Her eyelids flickered and her lips tightened. ‘Yes, it does, and you know why, if you know anything about Aidan’s case.’
‘One of the detectives on his case,’ Joe said, nodding.
‘What about him?’
‘He’s gone missing.’
Mary looked confused. ‘I know. That was months back. I’ve read about it.’ She ran her finger round the edge of her mug, her nails short and bitten. ‘Do the police think he’s dead?’
‘I haven’t asked them.’
Mary looked into her drink for a while. ‘Does he have a family?’ she said eventually.
‘A wife and two children. A son and daughter. They don’t know where he is, but this is the thing: he was obsessing over Aidan’s case before he disappeared.’
Mary looked up, and Joe saw that the shadows had appeared around her again. ‘Perhaps it’s guilt for framing Aidan.’
‘Framing?’
/> ‘Yes, exactly that.

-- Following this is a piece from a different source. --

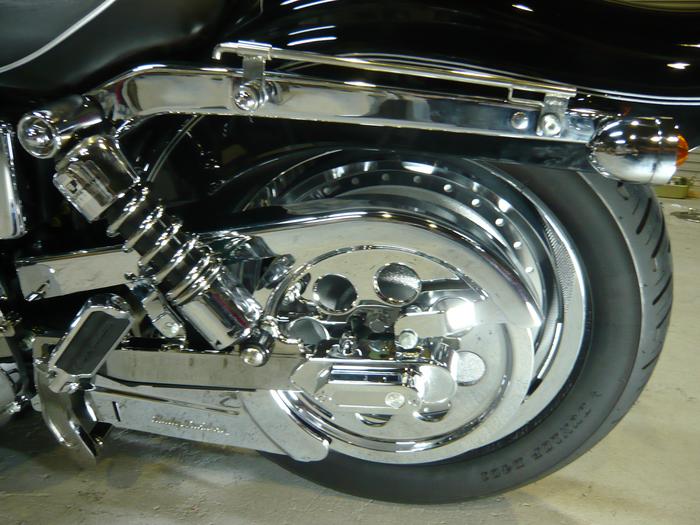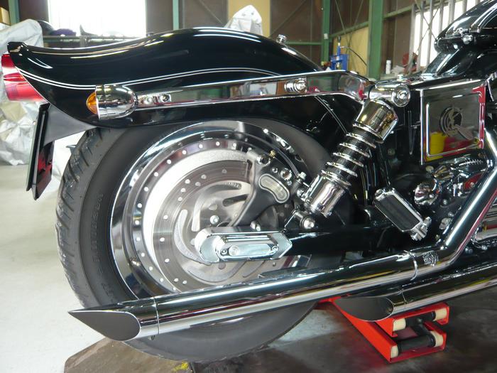 ’05 FXDWG カスタム Posted on 2008年2月29日2016年12月1日 by sumikawa 現在カスタム中のFXDWG。ようやく完成目前! befor 今回はリア回りで、スイングアームをクロームメッキにして、ブレーキローター、キャリパーをパフォーマンスに変え、テールランプをネス製LEDキャッツアイにします。 スイングアームはこの純正を使ってクローム処理しました。 after またまた走らすのが勿体無い車両になってしまいました。 おしゃれは足元から・・・この言葉は人間だけに当てはまる言葉ではないみたいです。 Post navigation ← ’94 FXSTC 腰上O/H’01 FLSTF 武蔵カスタム 現況報告 →

They lied. The police. The witnesses.’
‘How do you know that?’
‘Because I know my son,’ she said, her voice raised, her hand pressed against her chest. ‘If he was a murderer, don’t you think I would know? I know what happened on that night. I know what time he got in. I told the police something different, I realise that, but I was confused, scared. I see now, and I can look myself in the mirror and be sure that I’m right, but I don’t think the witnesses can. That couple who saw Aidan’s car? Liars. Those girls who reckoned Aidan had threatened that woman? Liars. The detectives who worked on the case? Liars.’